Monday, 5 January 2015

Arkham Manor #3 [The New 52] - DC Comics

ARKHAM MANOR No. 3, February 2015
Rarely has the atmosphere been quite so claustrophobic or the Dark Knight himself been ‘darker’ than in “Cold Comfort”, as a heavily disguised Bruce Wayne crawls through the ‘bones of his house’ looking for the lair of a homicidal maniac.

Los Angeles-based writer Gerry Duggan and artist Shawn Crystal have really produced the goods with this issue to the point where it is hard for the hairs upon the back of your neck not to raise up as you slowly follow an unarmed and undercover Batman edging his way between the room walls of Wayne Manor panel by gripping panel. Indeed there seems to be a perfect synergy between all of the creative team behind this comic book, starting with the disconcertingly quirky, but very well-drawn, Crystal and Dave McCaig cover illustration of the Caped Crusader chalking dead men on one of his home’s walls.

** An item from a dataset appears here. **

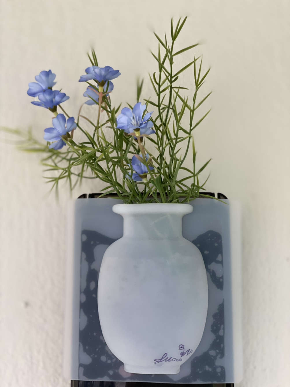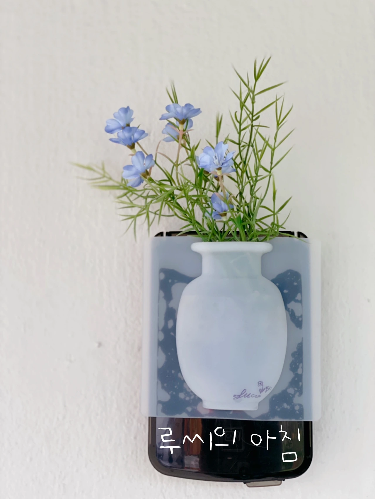 키 패드 박스가 멋이 없어서 실리콘 납작 화병에 조화를 꽂았다. 아래엔 나의 싸인을......(납작 실리콘 화병은 어느 카페에서 얻은 것이다.)
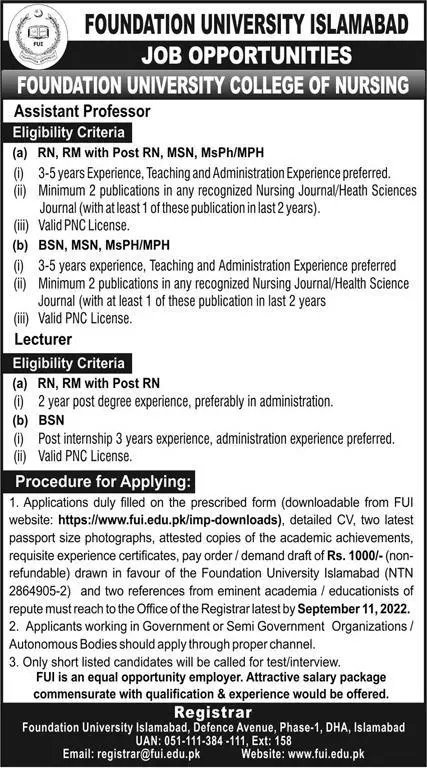 Vacant posts including lecturer, assistant professor nursing and assistant professor are announced in Foundation University Islamabad Islamabad, islamabad Islamabad Pakistan as per 7 September 2022 advertisement in daily Express Newspaper.

Perhaps the best element to this particular edition however has to be that Duggan throws more than a few surprises into the mix as the story progresses. So whilst many writers would just settle for scripting a tense nervy journey through the bowels of a psychiatric hospital with plenty of ‘jump scares’ just around the next panel, he constantly has the reader even more on edge as revelation after revelation is intermittently feed into the action. Perhaps such writing is only possible once a title has had a few issues published, and the characters been blessed with a fair bit of pre-build as a result but the fates of Zsasz, Seth Wickham, Eric Border and ‘the nameless man in the wheelchair’ are, in the main, serious ‘didn’t see that coming’ moments.

Shawn Crystal is equally on top of his game with his ‘unique’ somewhat awkward-looking style of pencilling clearly at its best when it’s used to depict dark, unsettling moments of mild horror. Or possibly the artist has finally settled into a drawing rhythm for this title? Whatever the reason, the composition of his pages are also first-rate, whether it be single-panel layouts depicting Bruce Wayne’s search for a bloodied axe using the clues at hand or a series of thin vertical panels emphasising the confined fist-fight between ‘Jack Shaw’ and the mysterious serial-killer.